When I first arrived in Kampala I was enamored with Africa. Maybe it was because I was still loopy from all the benadryl that I had to take on the KLM flight that insisted on serving almonds (I am allergic), maybe it was because I was glad to step on any ground after 27 hours of flying or maybe it was because I just liked how warm it was here. But more than anything I think it was the smell of Uganda. Chase told me that it was going to smell different here. When I asked him what it would smell like he said “sweat,” which certainly isn’t far off. Uganda smell like a mix of campfire smoke, roasting meat and sweet sweat that hangs in the humidity. I love it.

After my initial fascination wore off I began to realize that I was seeing the same scene over and over. The same child standing alone by a dumpster or playing with a waterbottle. The same mother selling clothes or washing clothes of hanging clothes out to dry. The same man pushing a bundle of sticks or wood or a bag of sand on the seat of his bike. The same small house with a metal roof. The same red dirt and green palm tree. Everywhere. Uganda, despite an undeniable life, does not change.

After I caught on to this congruency I noticed a sign. It was in downtown Kampala somewhat near the Simba Casino. It said “Kingdom Kampala: a work in Progress.” I wish that I would have gotten a picture of the sign, but I didn’t have my camera out and we were in the bus. It was painted on a green sheet metal wall in large letters. To me, progress implies change, movement forward and steps in a new direction. But more than anything, progress implies that the new habits, outweigh the old. But, Uganda is both being built and falling apart. There are buildings that are under construction that eerily (as Patrick pointed out) might never be finished. (Yesterday I saw a crane with weeds growing on it). And there are buildings falling apart that eerily, might never be saved. I guess the question for Kampala is: does the construction and growth outweigh the number of things that fall apart?
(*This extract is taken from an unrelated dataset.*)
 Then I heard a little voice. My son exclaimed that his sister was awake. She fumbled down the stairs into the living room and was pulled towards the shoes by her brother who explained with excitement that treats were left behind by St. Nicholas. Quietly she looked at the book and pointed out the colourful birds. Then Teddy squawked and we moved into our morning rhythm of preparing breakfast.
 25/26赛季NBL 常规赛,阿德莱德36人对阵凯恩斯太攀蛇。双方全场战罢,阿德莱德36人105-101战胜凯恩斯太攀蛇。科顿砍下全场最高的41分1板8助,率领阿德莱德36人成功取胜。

Does the new outweigh the old?

5 thoughts on “Kingdom Kampala

  1. This post really made me think, and I loved the line “Uganda, despite an undeniable life, does not change.”

    I’m excited to read your posts, especially when you spend time out of the city.
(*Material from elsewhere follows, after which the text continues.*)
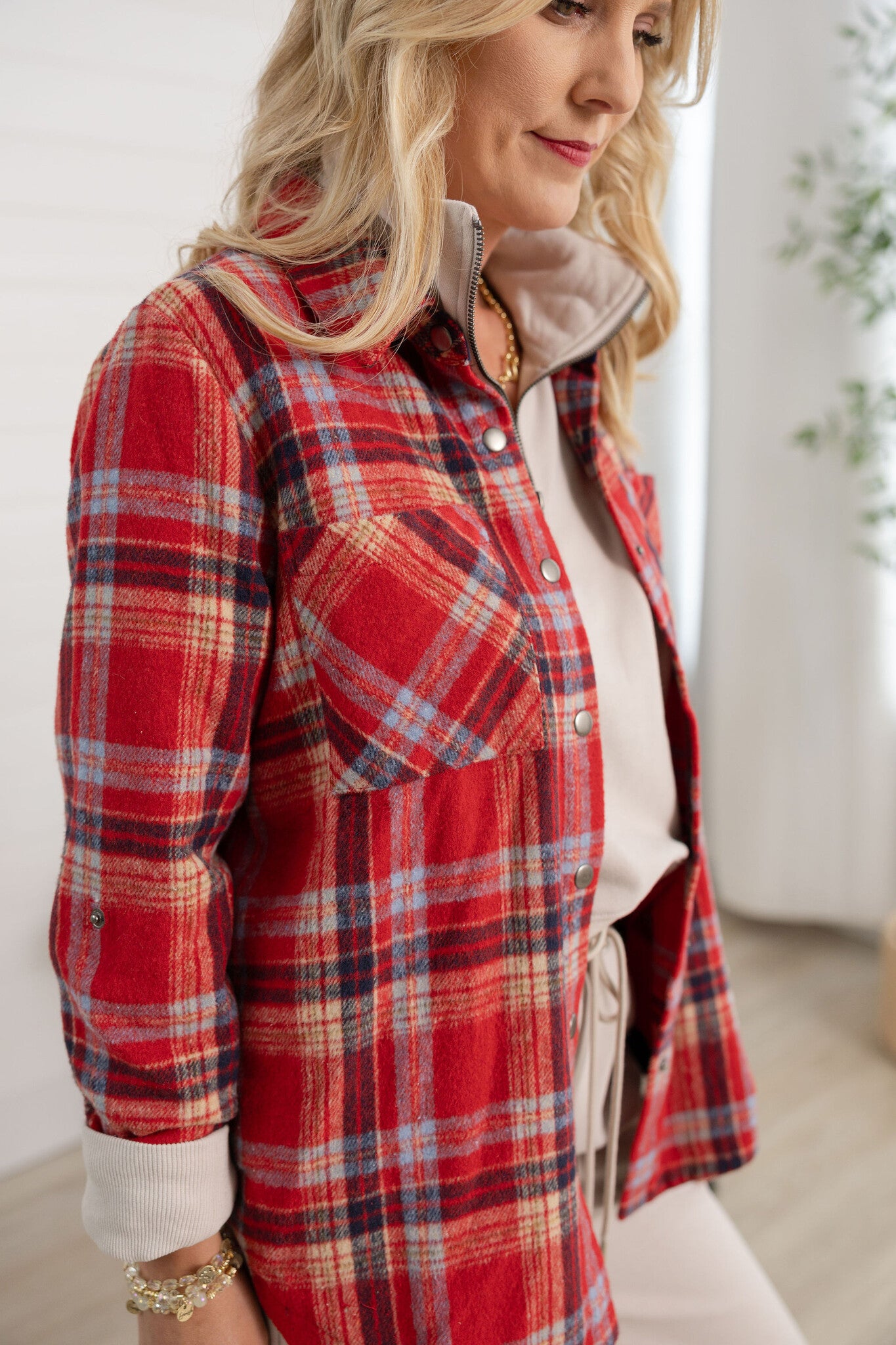 This snap front plaid long shirt jacket offers a perfect blend of classic pattern and functional design. Its relaxed fit and snap closures make layering effortless and stylish. Ideal for transitional weather, it pairs easily with jeans or leggings for a laid-back look.

  2. Alison, you are such a descriptive writer, thanks for painting a picture of your arrival :)! Keep writing! Stay healthy…darn airlines!

  3. Alison,
    Wow..I got a vivid mental picture of Uganada from reading your detailed description! Looking forward to following you on this journey..Take care..Uncle Mark

  4. Hi Alison, I’m Michelle and I went on the trip last year. I’ll be stalking all of your posts primarily because I would give anything to be in your position! I remember the smell too. You will never forget it. Your post made me think a lot. In my head, it’s still Kingdom Kampala, even if it doesn’t change. I look forward to reading more as you head north! My thoughts are with all of you!

  5. “Uganda is both being built and falling apart.” Awesome, awesome, awesome. Kind of can be applied to the current state of the world, no? This is such a great post.